Diversifying halo structures in two-component self-interacting dark matter models via mass segregation

Abstract

Self-interacting dark matter (SIDM), through gravothermal evolution driven by elastic self-scatterings, offers a compelling explanation for the observed diversity of inner halo densities. In this work, we investigate SIDM dynamics in a two-component dark matter model with mass ratios of order unity, motivated by an asymmetric dark matter framework that naturally evades constraints from relic abundance and mediator decay, while enabling strong, velocity-dependent self-interactions. We show that cross-component scatterings significantly enhance mass segregation, driving the formation of dense, core collapsed-like halos. This effect couples naturally to SIDM-induced diversity, introducing a new mechanism for generating structural variations beyond those arising from gravothermal evolution alone. Our results reveal a novel mechanism for reconciling SIDM with small-scale observational tensions by enabling shifts in central densities while preserving the flexibility to generate diverse halo structures. We further highlight that halo structural diversity may serve as a diagnostic of dark sector composition, opening a new observational window into the particle nature of SIDM.

Figures (4)

• Figure 1: Projected dark matter densities of MW analogs in the two-component SIDM2c simulation. Densities of the heavier (blue-to-white) and lighter (red-to-white) species are shown, with brighter regions indicating higher densities. The inset shows viscosity cross sections Tulin:2013teo for the $\chi_H-\chi_H$ (red), $\chi_L-\chi_L$ (orange), and $\chi_H-\chi_L$ (magenta) interactions in the SIDM2c simulation. For comparison, the $\chi_0-\chi_0$ (blue) interaction in the one-component case is shown as a dashed curve. All channels assume the same mediator mass and coupling. Model parameters for these interactions can be derived by fixing $\sigma_0/m = 147.1~\rm cm^2/g$ and $w = 24.33~\rm km/s$ in the $\chi_0\text{--}\chi_0$ case; see Supplemental Material for details.

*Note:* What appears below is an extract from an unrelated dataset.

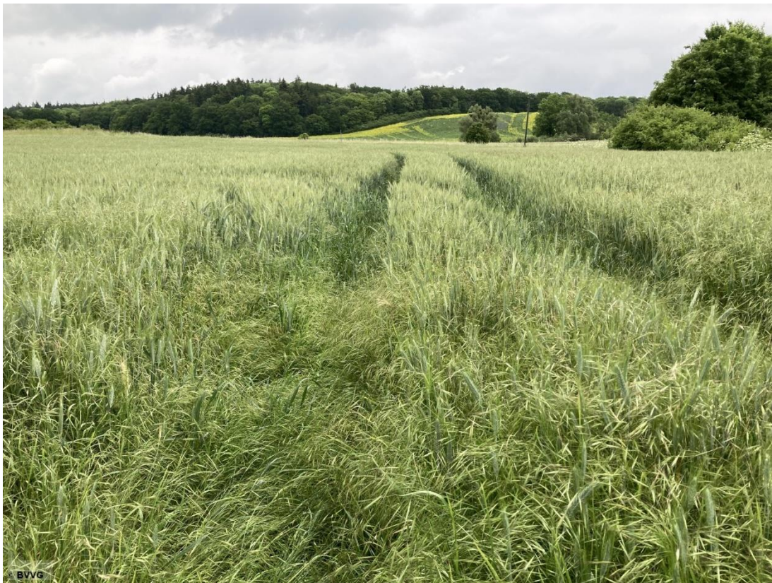
Blick auf die Fläche

• Figure 2: Halo density profiles of MW subhalos of $M_{\rm vir}>5\times 10^8~\rm M_{\odot}/h$ in simulated models. The main panels show CDM1c (green) and SIDM1c (orange) on the left panel, SIDM2c (red) and SIDMx (magenta) on the middle and right panels, respectively. The CDM2c (blue) is shown in all panels for comparison. The smaller sub-panels display the fractional number density of the lighter species, $n_L/(n_H+n_L)$. While the CDM2c case closely resembles the CDM1c scenario, with only slightly shallower inner regions, SIDM significantly redistributes the lighter species to larger radii, leading to denser inner regions dominated by the heavier species. In the SIDM2c case, self-interactions among the heavier species introduce both core and cusp profiles.

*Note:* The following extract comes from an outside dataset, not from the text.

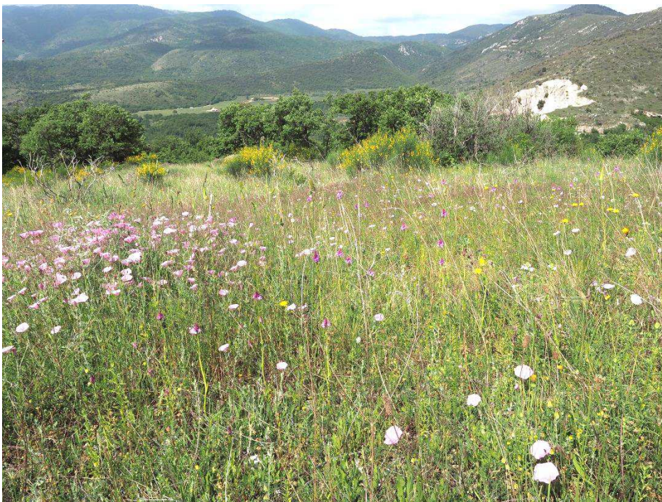
Pyramidenhundswurz und Winde sind aspektbildend am Standort I 50

• Figure 3: Extrapolated inner halo density, $\rho_{\rm in}=\rho(r=150{\ \rm pc})$, vs fractional number density, $f_L(<0.2 R_{\rm vir})$, for MW subhalos of $M_{\rm vir}>5\times 10^8~\rm M_{\odot}/h$ in two-component simulations SIDM2c (red), SIDMx (magenta), and CDM2c (blue). For comparison, the $\rho_{\rm in}$ of observed MW satellites, derived from Ref. kaplinghat:2019svz under the assumptions of NFW (gray) and isothermal (brown) profiles, are shown as tick marks along the y-axis, with their Gaussian fits overlaid to highlight the probability distributions. The size of the points is proportional to the virial radius of the corresponding halos.

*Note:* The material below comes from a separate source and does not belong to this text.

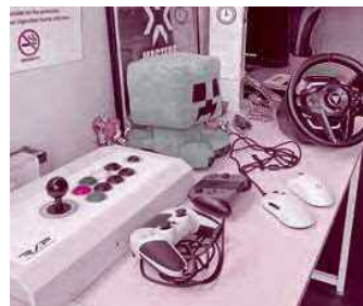
ゲームのコントローラーはさまざま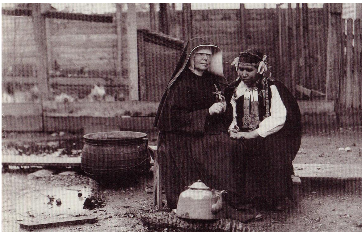
Imagen 6. Fotografía anónima, s/f. Archivo Centro Cultural y Memoria de Neltume. Cedita por el Colectivo Catrileo+Carrión.

• Figure 4: The parametric model fitting results (solid black) for the density profiles of MW subhalos with $M_{\rm vir}>5 \times 10^8~\rm M_{\odot}/h$ in CDM2c (left), SIDM2c (middle), and SIDMx (right) simulations. The relative differences between the simulated (Sim) and fitted (Fit) curves are measured as $2\rm (Fit-Sim)/(Fit+Sim)$ and shown in the sub-panels. Compared with the profiles in the main article, more bins are used here to improve the fit. The fitted curves are used to obtain the $\rho_{\rm in}=\rho(r=150{\ \rm pc})$, as referenced in the main text.